**What is being asked**
In the data below, the copy begins at the line containing "Лазерный уровень со" and runs through the last line; repeat those lines exactly, minus the pictures.

**Exercise data**
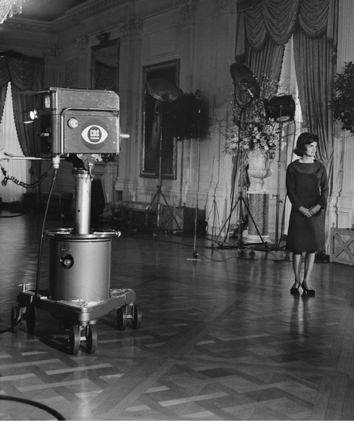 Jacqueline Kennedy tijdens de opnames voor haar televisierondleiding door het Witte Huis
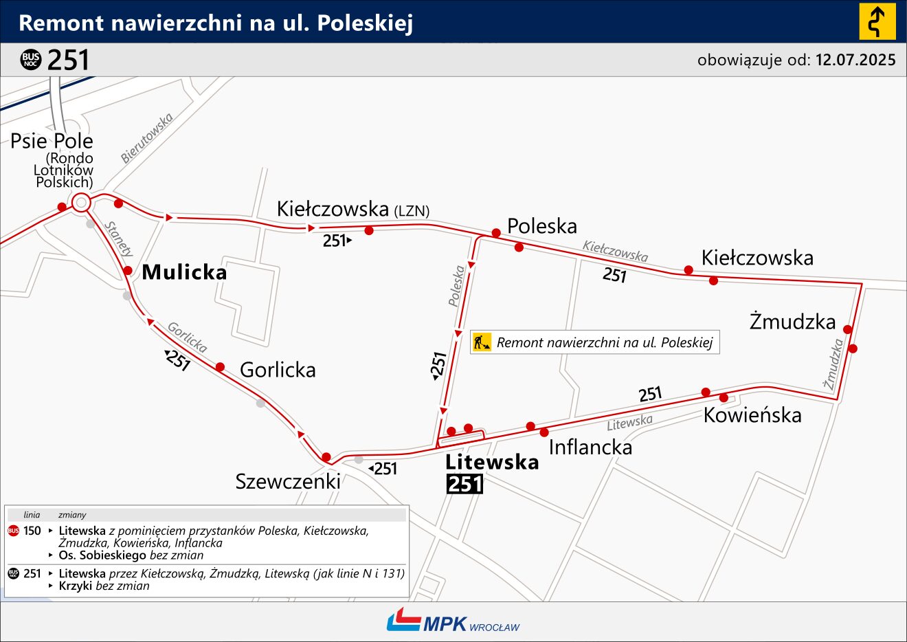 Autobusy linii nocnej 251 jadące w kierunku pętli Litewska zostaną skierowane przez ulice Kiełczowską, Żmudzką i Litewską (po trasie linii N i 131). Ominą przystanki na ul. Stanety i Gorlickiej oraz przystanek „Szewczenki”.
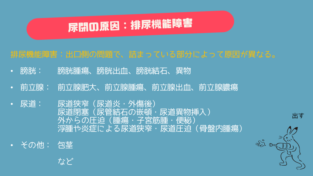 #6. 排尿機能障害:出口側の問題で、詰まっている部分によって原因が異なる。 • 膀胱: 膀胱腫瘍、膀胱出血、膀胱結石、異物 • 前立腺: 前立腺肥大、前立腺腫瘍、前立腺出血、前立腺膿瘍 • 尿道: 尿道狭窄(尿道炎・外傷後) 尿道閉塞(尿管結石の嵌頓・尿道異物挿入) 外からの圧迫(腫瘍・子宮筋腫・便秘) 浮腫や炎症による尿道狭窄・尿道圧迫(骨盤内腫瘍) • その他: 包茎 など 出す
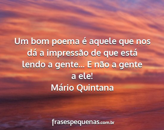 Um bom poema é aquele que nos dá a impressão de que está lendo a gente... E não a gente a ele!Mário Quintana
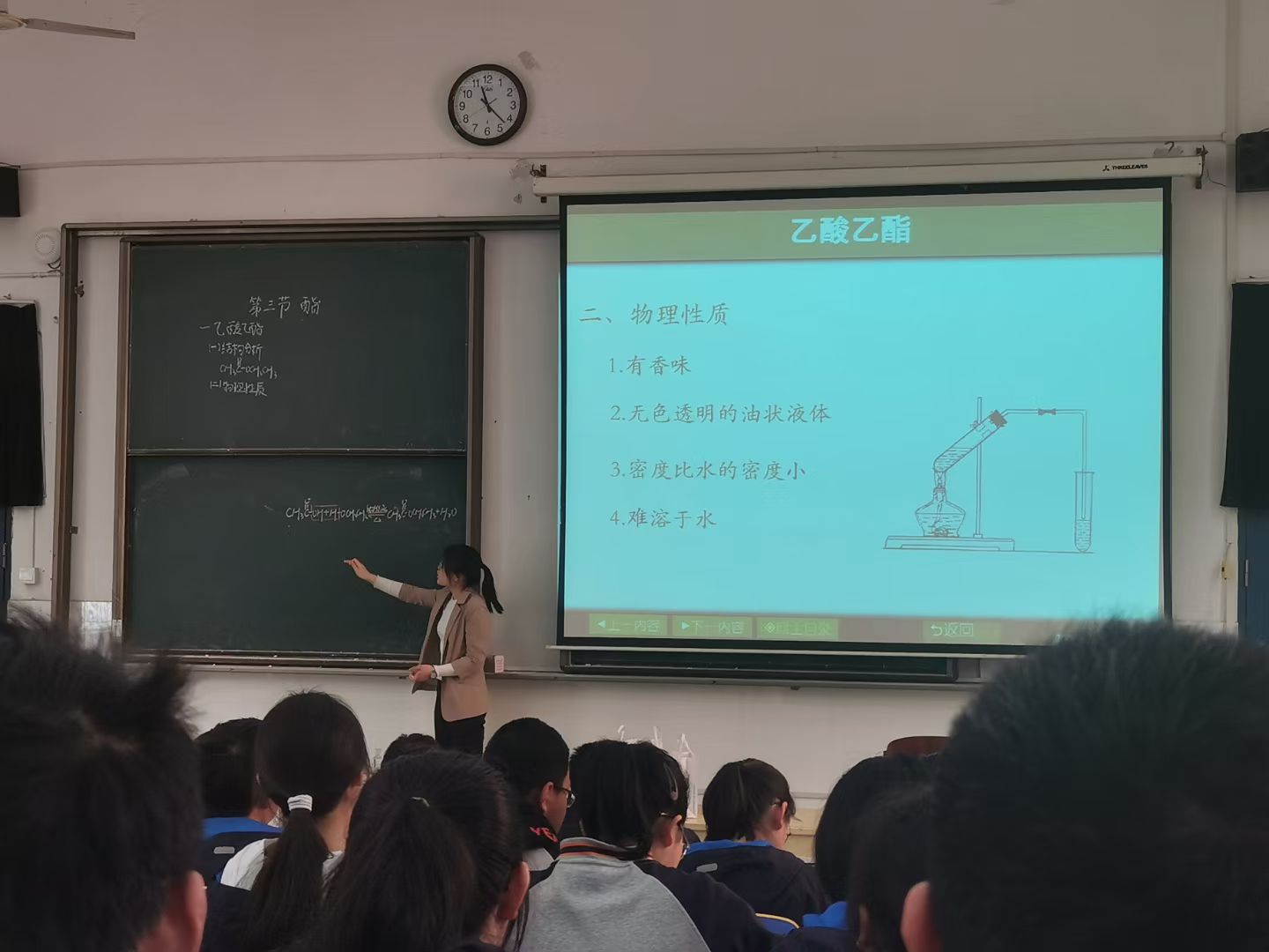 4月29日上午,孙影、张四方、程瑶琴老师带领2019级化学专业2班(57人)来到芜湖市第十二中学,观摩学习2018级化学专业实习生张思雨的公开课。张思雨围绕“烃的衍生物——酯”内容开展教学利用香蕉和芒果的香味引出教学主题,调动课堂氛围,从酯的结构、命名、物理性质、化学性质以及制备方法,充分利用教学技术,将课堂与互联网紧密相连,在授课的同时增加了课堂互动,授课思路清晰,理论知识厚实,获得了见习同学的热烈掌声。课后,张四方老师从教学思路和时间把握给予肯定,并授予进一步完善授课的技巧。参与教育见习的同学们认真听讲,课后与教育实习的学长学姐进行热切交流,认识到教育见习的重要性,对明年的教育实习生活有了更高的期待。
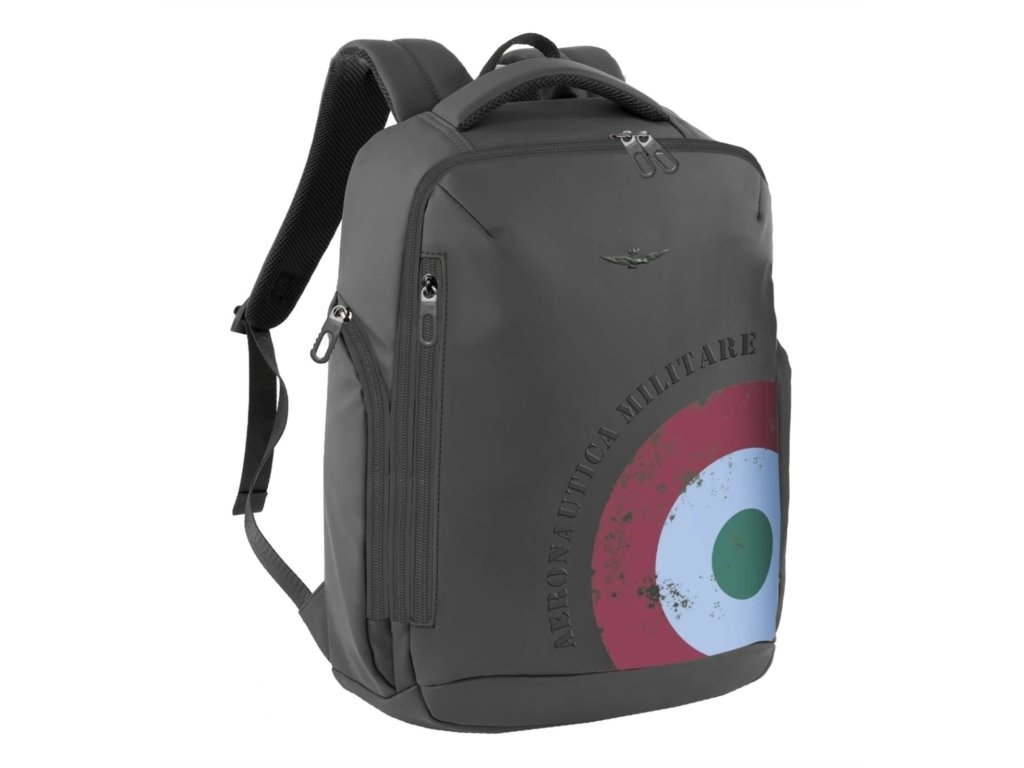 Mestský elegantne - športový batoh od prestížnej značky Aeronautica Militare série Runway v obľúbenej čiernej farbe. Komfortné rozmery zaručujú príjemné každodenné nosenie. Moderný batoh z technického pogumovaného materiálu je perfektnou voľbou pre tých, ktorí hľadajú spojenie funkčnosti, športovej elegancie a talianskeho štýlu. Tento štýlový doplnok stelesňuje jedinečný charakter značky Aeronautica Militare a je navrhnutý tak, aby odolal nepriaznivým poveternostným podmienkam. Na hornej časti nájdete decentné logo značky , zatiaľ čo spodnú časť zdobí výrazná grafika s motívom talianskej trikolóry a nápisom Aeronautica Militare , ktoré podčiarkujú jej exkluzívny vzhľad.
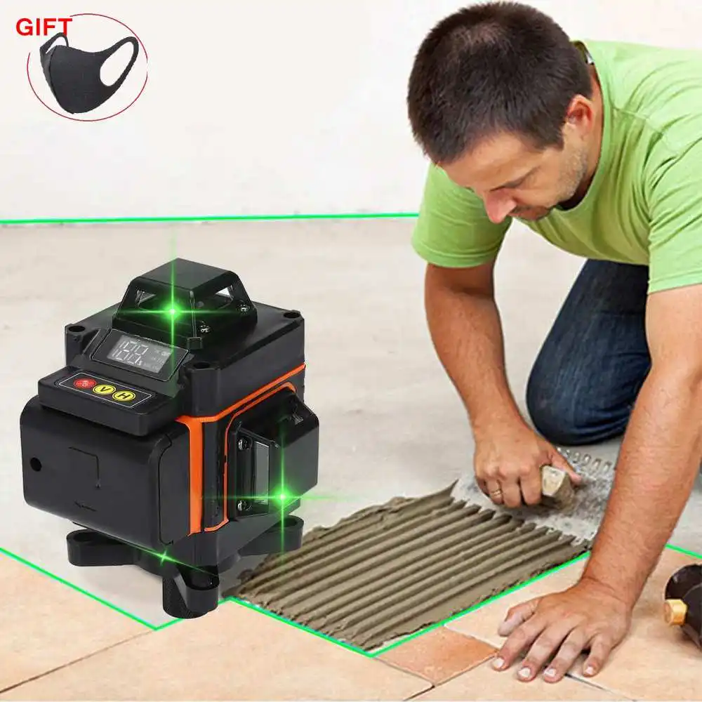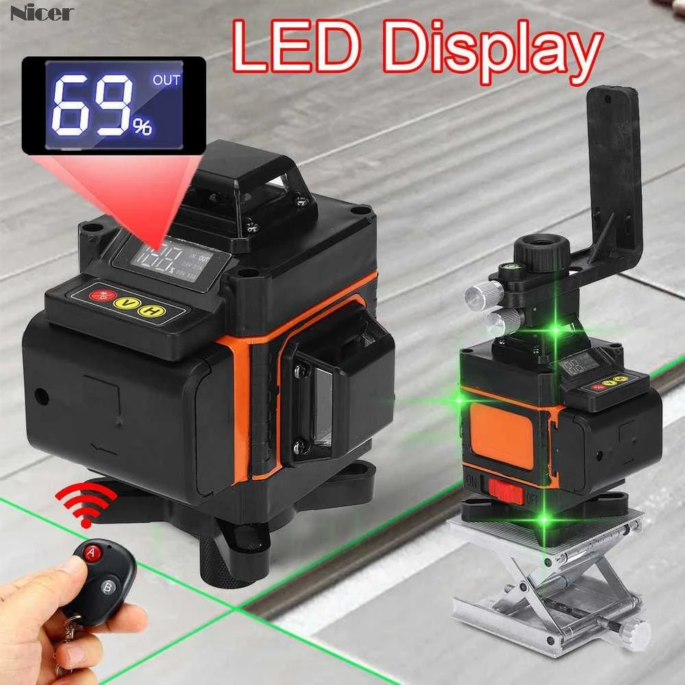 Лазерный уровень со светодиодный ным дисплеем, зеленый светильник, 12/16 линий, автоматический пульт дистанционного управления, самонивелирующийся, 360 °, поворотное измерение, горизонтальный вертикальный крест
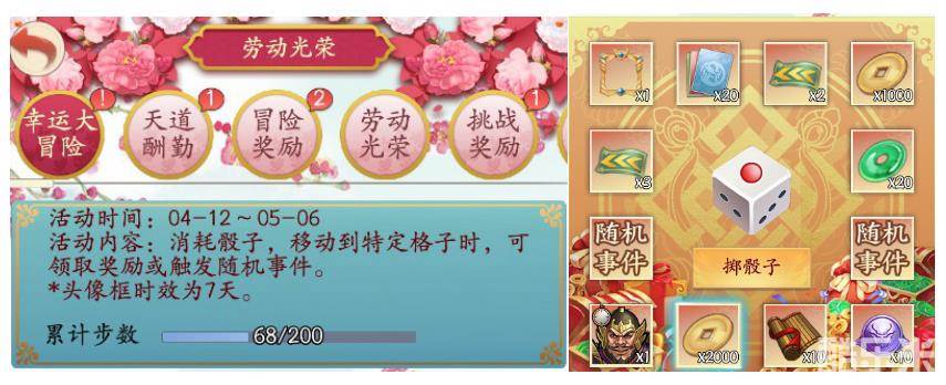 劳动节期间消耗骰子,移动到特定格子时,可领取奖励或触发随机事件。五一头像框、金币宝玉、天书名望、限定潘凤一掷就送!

**Result**
 Лазерный уровень со светодиодный ным дисплеем, зеленый светильник, 12/16 линий, автоматический пульт дистанционного управления, самонивелирующийся, 360 °, поворотное измерение, горизонтальный вертикальный крест
 劳动节期间消耗骰子,移动到特定格子时,可领取奖励或触发随机事件。五一头像框、金币宝玉、天书名望、限定潘凤一掷就送!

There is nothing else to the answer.